It is now official. We are out of the old place and into the new place. I did the final walk-through at the prior rental this morning. Trust me when I say that the house was cleaner when we left than when we moved in. It took all of five minutes; I didn't even have to argue about the crap on the walls that was there when we moved in (and tried to scrub off to no avail). The only thing that will come out of our deposit will be the carpet cleaning, only because we were there longer than 90 days.
We are now able to completely put the last four months behind us. We no longer have to deal with the asshat neighbor (which I need to finish that story). We don't have to deal with Boyfriend's Grandma's bad attitude. And hopefully she's done making up lists of stuff we "stole" from her (when in reality it's stuff she left behind and forgot about). We can focus on us, setting some money aside, and house hunting for something that we will both love and that will work for us and mostly, be nice and quiet.
I've spent the week unpacking and getting the house set up. I still have to figure out stuff on the walls, and I'd like to find some valances for at least the living room windows.
I've discovered I have the power here. The power of unpacking what I packed and I am the only one who knows where everything is. Boyfriend constantly asks me where things are.

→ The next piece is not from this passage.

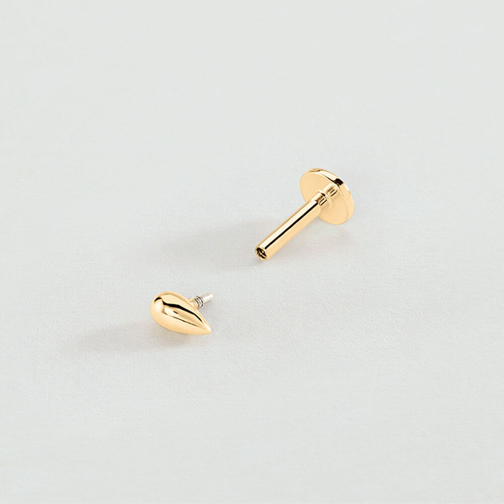 Piercing en forma de gota. Es de plata de ley bañada en oro y se vende a la unidad. El cierre es de rosca y está hecho en acero para garantizar su durabilidad..

Boyfriend's commute has gone from about an hour each way to about two minutes each way. My commute twice a week for my weekend job is now about an hour each way. However, while I'm in Redding, I will run errands, go grocery shopping, and that fun stuff. No special trips to town because I forgot something . . . considering it's an hour. The nearest grocery store is about twenty minutes away in the nearest (not-as-small) small town. In our town, we have two mini-marts. Emphasis on "mini".
I never found Harriet. It breaks my heart. I spent at least an hour one night, sitting by the hidey box that Boyfriend made for her, crying uncontrollably. I miss her so much. Her missing kept Boyfriend up during the night. We cried together the night before we moved; I admitted I felt like I was abandoning her. I finally had a dream about her last night. During the day (in the dream), she'd be missing and I'd be heartbroken. But when I slept, she'd be at my head, purring away, her whiskers tickling my face. Day would return and she'd be gone. But when I slept, she'd be back. I awoke feeling loved by my kitty.
As I waited for the rental agent for the walk-through, I walked around outside, again looking and calling her name. As before, silence greeted me.
The not knowing hurts the most. I miss my little keekers.